Real one dashed forward, screaming, soul light burning—

but the red silk above began to move. Something huge was stirring within the weave. Faces formed, overlapping, whispering her name from every direction.

And then she saw, hanging at the centre of the realm, her mother's face, half-cut, half-sewn, eyes still wet with tears.

The guzheng's next note trembled.

The silk began to close in.

.........

The red silk woman twisted her head the way a broken doll's neck might turn, unnatural, clicking and it came toward real one with a smile that did not belong to any human face. Blood seeped from the anrong's mouth, a slow, obscene bead that hung like a crimson bead on porcelain. Rage detonated inside Real one; it was hotter than fear, sharper than grief. "I will kill you, you bitch… you… you… you killed Anrong." Her voice tore like a guzheng string.
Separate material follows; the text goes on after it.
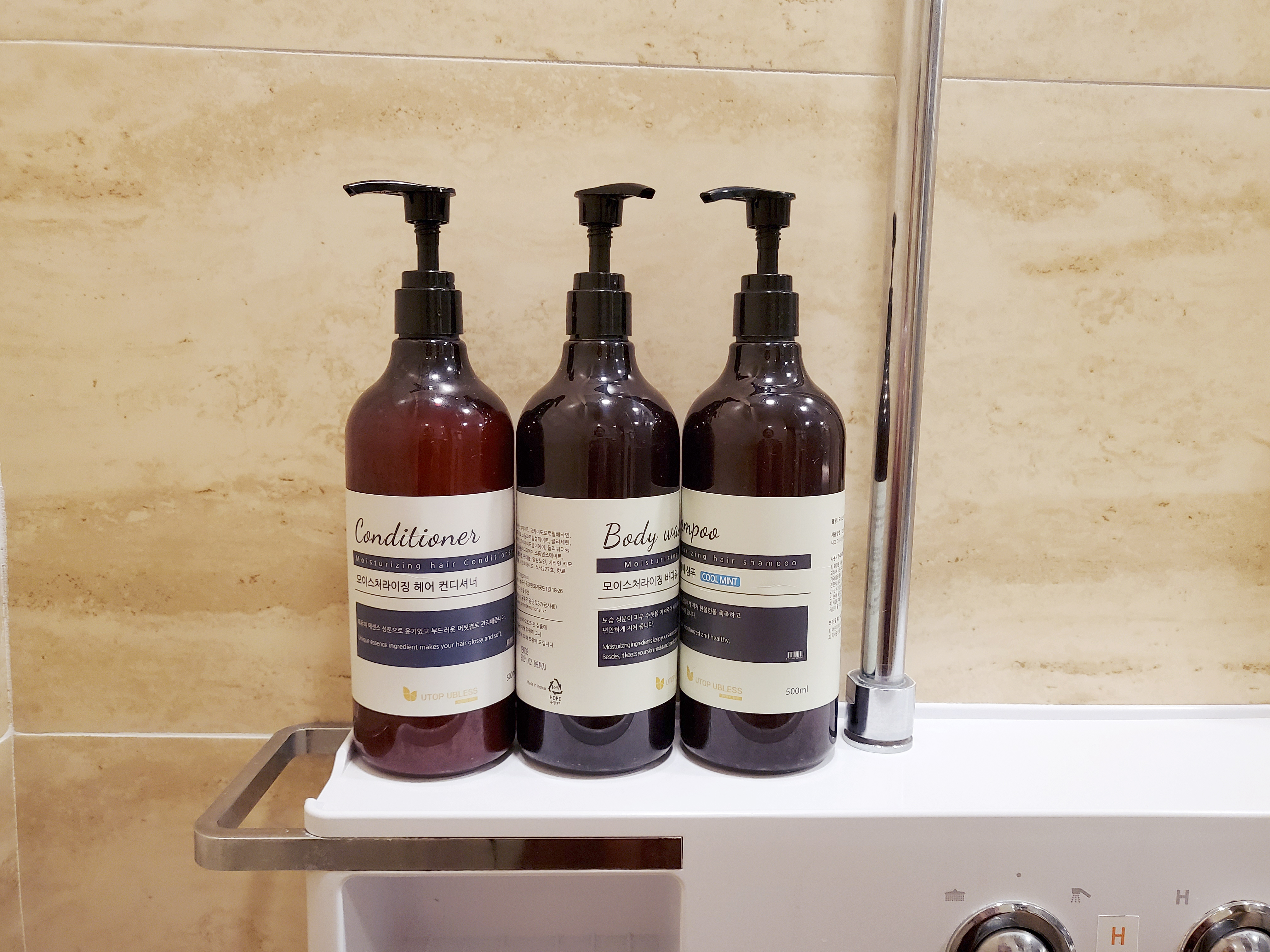 욕실 어메니티는 별다른 브랜드 없는 대용량제품들

She ripped the instrument free, fingers finding the strings as if they belonged to her veins. She poured every shard of her soul into one desperate strike—Guzheng Maelstrom: Shattering Overture—and hurled the spun chords like knives. The strings became razors of light and blood, slicing through the red mist in arcs that sang with a high, metallic pain.

The fake raised a hand, palm open, and the attack dropped harmlessly at her feet as if halted by glass. Her grin widened; she flicked an index finger and a slender rope of silk rolled from her fingertip like a tongue. It ran across the air and, with the patience of a seamstress, crawled up to the impostor's own face. The silk slid under the mouth, cleaved upward, slow, clinical and split her head from one eye to the other. The severed half, skin and hair and the suggestion of a heart, tumbled end over end and was thrown at Real one.
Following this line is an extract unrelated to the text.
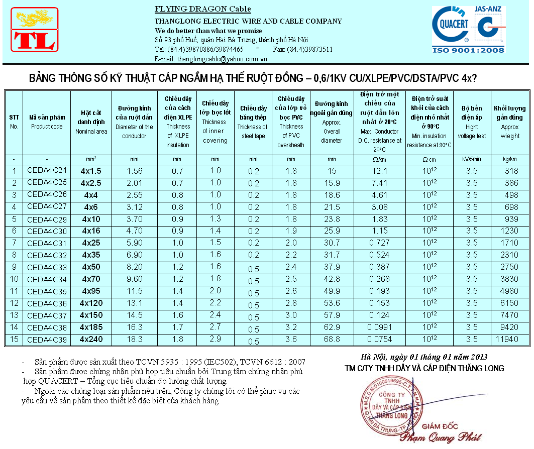 Cáp ngầm hạ thế 0,6/1kV - 4 ruột (loại 4 ruột đều)

Seeing that detached, still-living half-portrait of the woman she loved, Real one's anger roared into something animal. "It's an illusion only… I know... I know it was just an illusion... I will tear you apart… I will not allow my heart-demon to control me… I will kill you…." She lunged, a comet of bone and will, but the severed head exploded like a pod. Silk poured out, thread after thread, writhing and sticky, catching her ankles and wrists before her boots met the embroidered ground.

"Rest," the devil sang in a voice stitched from wind and rust, "I am taking your body now… rest well… I will eat you soon." The silk tightened like a noose. It smelled of iron and old incense.